Segment Start: Study material

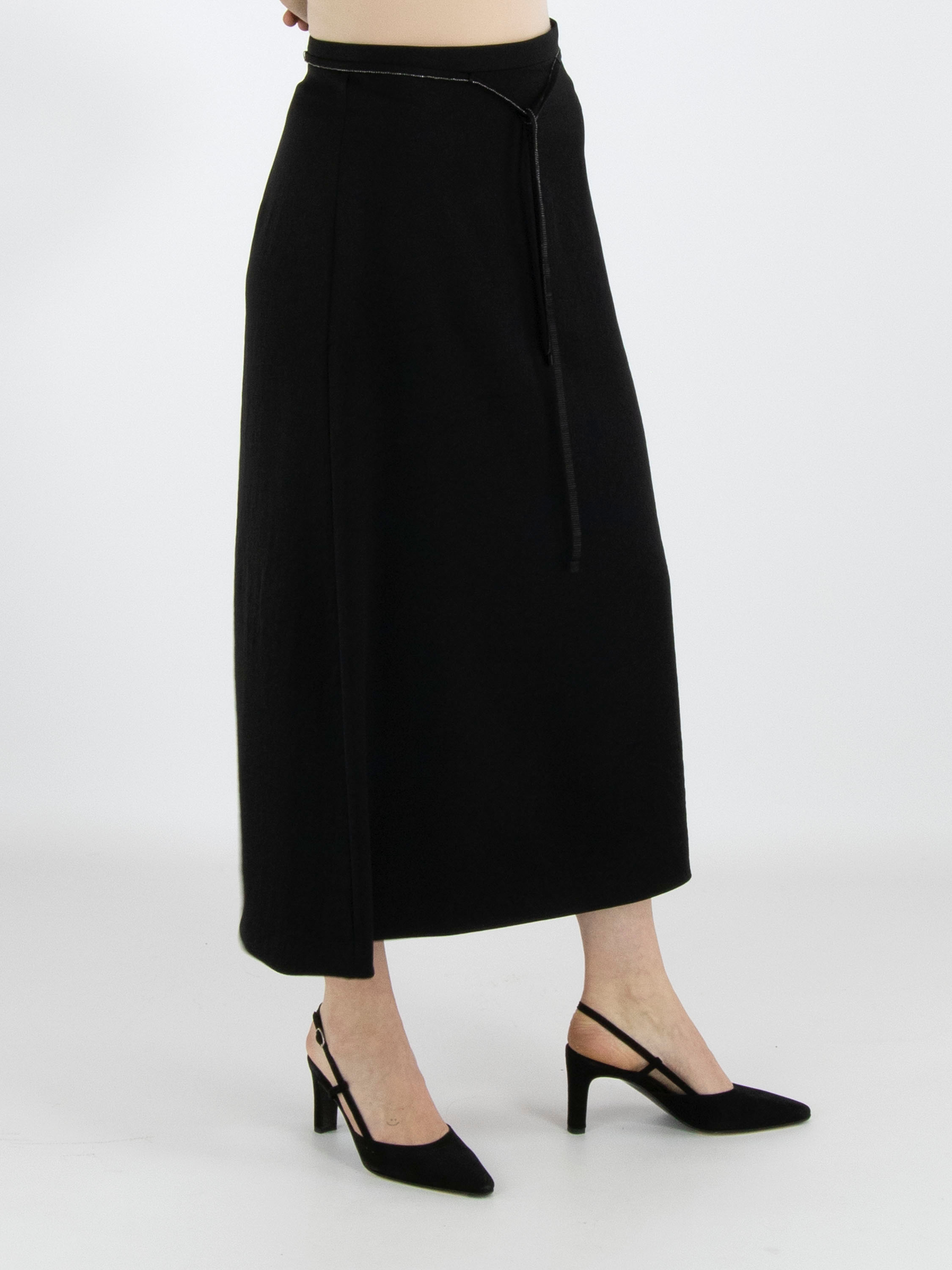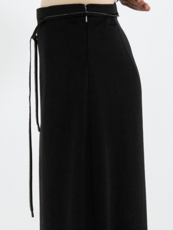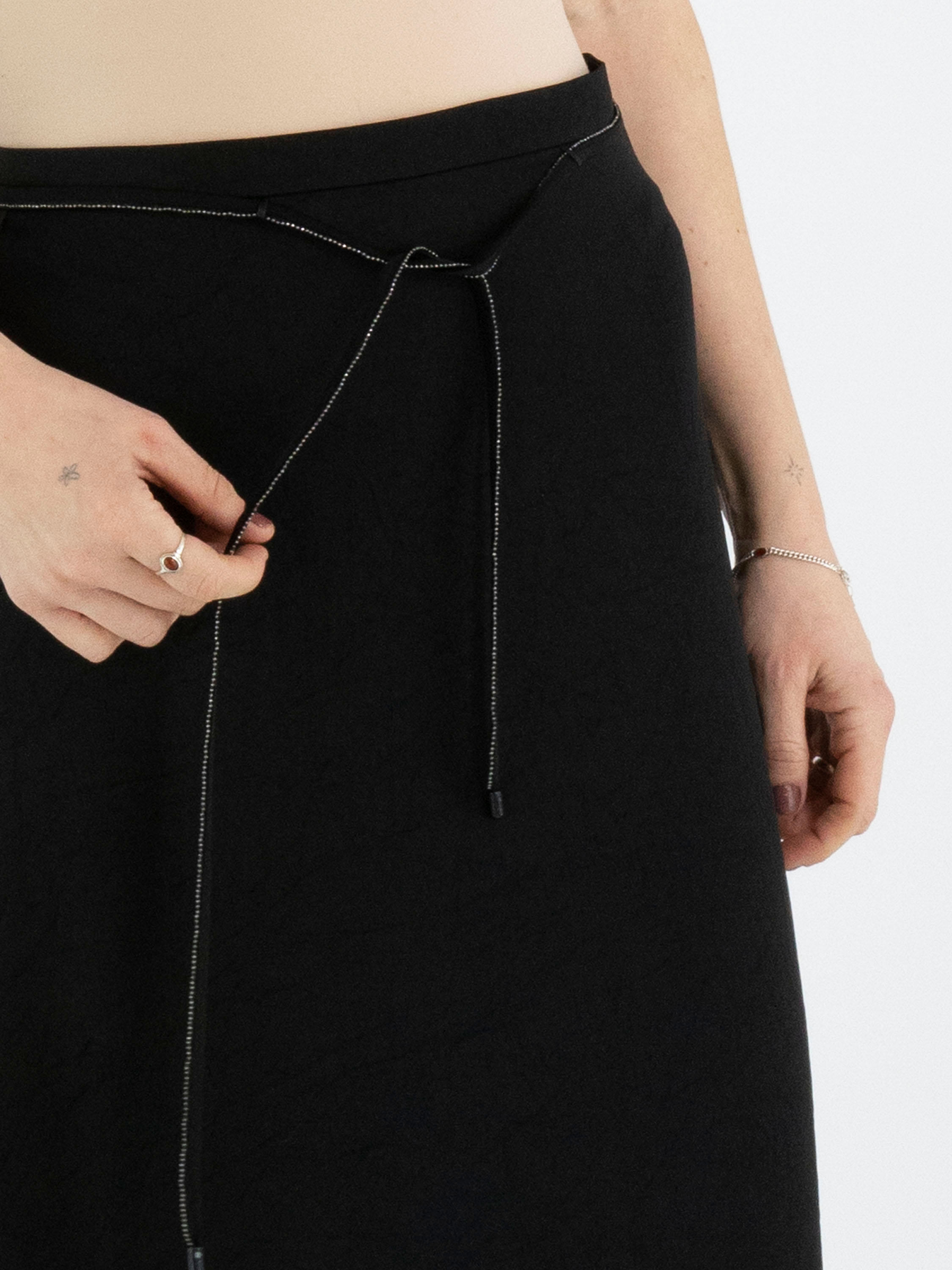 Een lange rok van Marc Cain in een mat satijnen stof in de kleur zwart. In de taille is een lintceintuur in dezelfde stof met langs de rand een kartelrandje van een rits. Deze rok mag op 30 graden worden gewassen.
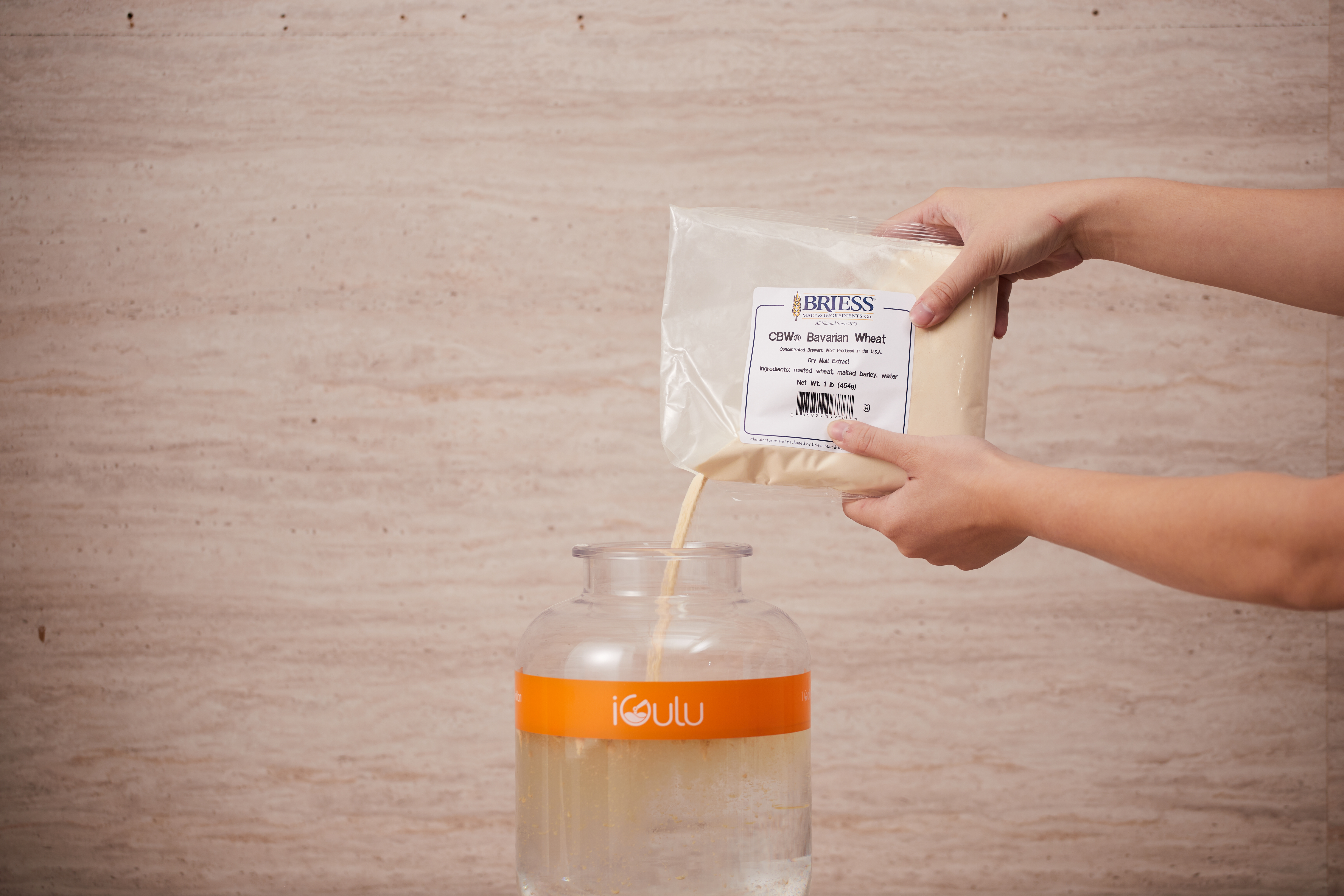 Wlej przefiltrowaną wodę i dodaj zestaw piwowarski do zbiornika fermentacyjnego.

Segment End: Study material
Segment Start: Study material

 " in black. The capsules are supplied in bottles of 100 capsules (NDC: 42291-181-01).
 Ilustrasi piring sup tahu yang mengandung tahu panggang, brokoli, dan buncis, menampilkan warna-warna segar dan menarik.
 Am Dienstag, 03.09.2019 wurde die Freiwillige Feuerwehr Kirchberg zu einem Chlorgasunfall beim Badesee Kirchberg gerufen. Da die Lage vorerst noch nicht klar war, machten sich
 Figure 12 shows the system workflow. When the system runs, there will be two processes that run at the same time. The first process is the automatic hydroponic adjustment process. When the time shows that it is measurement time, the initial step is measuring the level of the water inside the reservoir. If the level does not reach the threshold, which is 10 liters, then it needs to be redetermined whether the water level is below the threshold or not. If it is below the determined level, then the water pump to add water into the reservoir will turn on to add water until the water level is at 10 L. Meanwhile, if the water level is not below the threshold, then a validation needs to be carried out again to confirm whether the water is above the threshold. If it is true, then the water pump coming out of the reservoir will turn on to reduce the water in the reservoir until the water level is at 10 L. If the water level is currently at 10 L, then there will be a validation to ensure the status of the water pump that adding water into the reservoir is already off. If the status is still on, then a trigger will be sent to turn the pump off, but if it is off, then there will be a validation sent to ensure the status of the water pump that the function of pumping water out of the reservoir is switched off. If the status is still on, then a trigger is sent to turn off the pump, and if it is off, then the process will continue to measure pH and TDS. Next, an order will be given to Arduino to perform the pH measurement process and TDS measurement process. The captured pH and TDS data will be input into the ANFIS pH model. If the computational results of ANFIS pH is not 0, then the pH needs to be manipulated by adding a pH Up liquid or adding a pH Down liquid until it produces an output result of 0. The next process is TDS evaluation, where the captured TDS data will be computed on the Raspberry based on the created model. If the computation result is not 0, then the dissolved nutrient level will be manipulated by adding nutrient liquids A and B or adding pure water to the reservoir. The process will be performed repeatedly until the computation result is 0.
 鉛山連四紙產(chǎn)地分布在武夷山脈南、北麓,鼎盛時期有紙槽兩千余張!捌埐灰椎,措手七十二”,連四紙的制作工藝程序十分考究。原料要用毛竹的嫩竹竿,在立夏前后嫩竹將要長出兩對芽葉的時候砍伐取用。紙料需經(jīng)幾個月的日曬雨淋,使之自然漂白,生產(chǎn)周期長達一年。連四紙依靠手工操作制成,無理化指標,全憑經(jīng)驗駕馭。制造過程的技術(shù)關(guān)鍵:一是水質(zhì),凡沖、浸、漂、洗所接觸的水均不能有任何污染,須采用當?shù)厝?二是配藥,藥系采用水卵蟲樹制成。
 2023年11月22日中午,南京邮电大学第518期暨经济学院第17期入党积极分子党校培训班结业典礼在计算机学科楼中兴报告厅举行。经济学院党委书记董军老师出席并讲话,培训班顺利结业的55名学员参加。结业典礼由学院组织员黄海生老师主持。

Segment End: Study material

_Activity_: Using only the entries above, output the line with "鉛山連四紙產(chǎn)地分", the line with "2023年11月22日中午,南京邮电大学", and all lines between them, exactly as they stand.

_Answer to this exercise_:
 鉛山連四紙產(chǎn)地分布在武夷山脈南、北麓,鼎盛時期有紙槽兩千余張!捌埐灰椎,措手七十二”,連四紙的制作工藝程序十分考究。原料要用毛竹的嫩竹竿,在立夏前后嫩竹將要長出兩對芽葉的時候砍伐取用。紙料需經(jīng)幾個月的日曬雨淋,使之自然漂白,生產(chǎn)周期長達一年。連四紙依靠手工操作制成,無理化指標,全憑經(jīng)驗駕馭。制造過程的技術(shù)關(guān)鍵:一是水質(zhì),凡沖、浸、漂、洗所接觸的水均不能有任何污染,須采用當?shù)厝?二是配藥,藥系采用水卵蟲樹制成。
 2023年11月22日中午,南京邮电大学第518期暨经济学院第17期入党积极分子党校培训班结业典礼在计算机学科楼中兴报告厅举行。经济学院党委书记董军老师出席并讲话,培训班顺利结业的55名学员参加。结业典礼由学院组织员黄海生老师主持。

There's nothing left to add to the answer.